Rare orthotellurate mineral

Khinite is a rare orthotellurate mineral with the formula Pb^{2+}Cu^{2+}_{3}TeO_{6}(OH)_{2}. It crystallizes in the orthorhombic system and has a bottle-green colour. It is often found as dipyramidal, curved or corroded crystals no more than 0.15 mm in size. The tetragonal dimorph of khinite is called parakhinite.

==Occurrence and name==
Both khinite and parakhinite were first identified in 1978 in the Old Guard Mine (Royal Guard Mine), Tombstone District, Cochise County, Arizona, US They were named after Ba-Saw Khin, a Burmese-American mineralogist. They are often found together with tenorite, quetzalcoatlite, quartz, gold, dugganite, chrysocolla, chlorargyrite, bromargyrite, xocomecatlite, and tlapallite.
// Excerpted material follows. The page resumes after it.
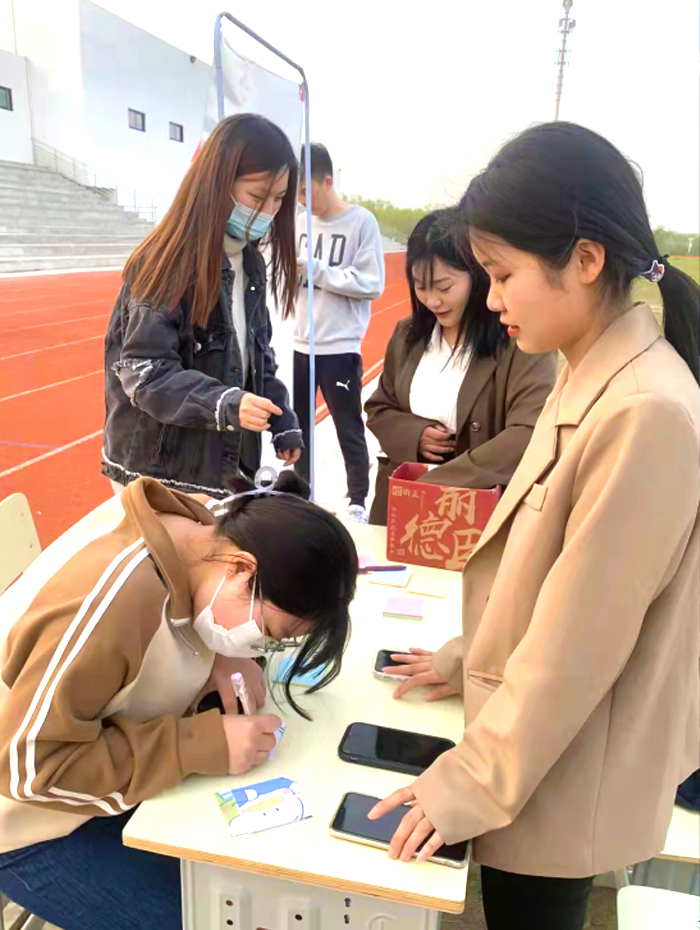 为帮助同学们舒缓压力、缓解焦虑,树立热爱生活的积极心态,4月10日,智能信息学院2022级健康管理班团支部在学校运动场举行了“与爱同行,拒绝焦虑”主题团日活动。

Khinite and parakhinite are found in multiple mines across Mexico and the USA.

==Parakhinite==
Parakhinite crystallizes in the tetragonal system. Khinite and parakhinite are also called khinite-4O and khinite-3T, respectively. Khinite and parakhinite are identical in colour and many other properties, like reactivity. They do differ in optical properties: Khinite is biaxial (+), while parakhinite is uniaxial (−). They also have different unit cells.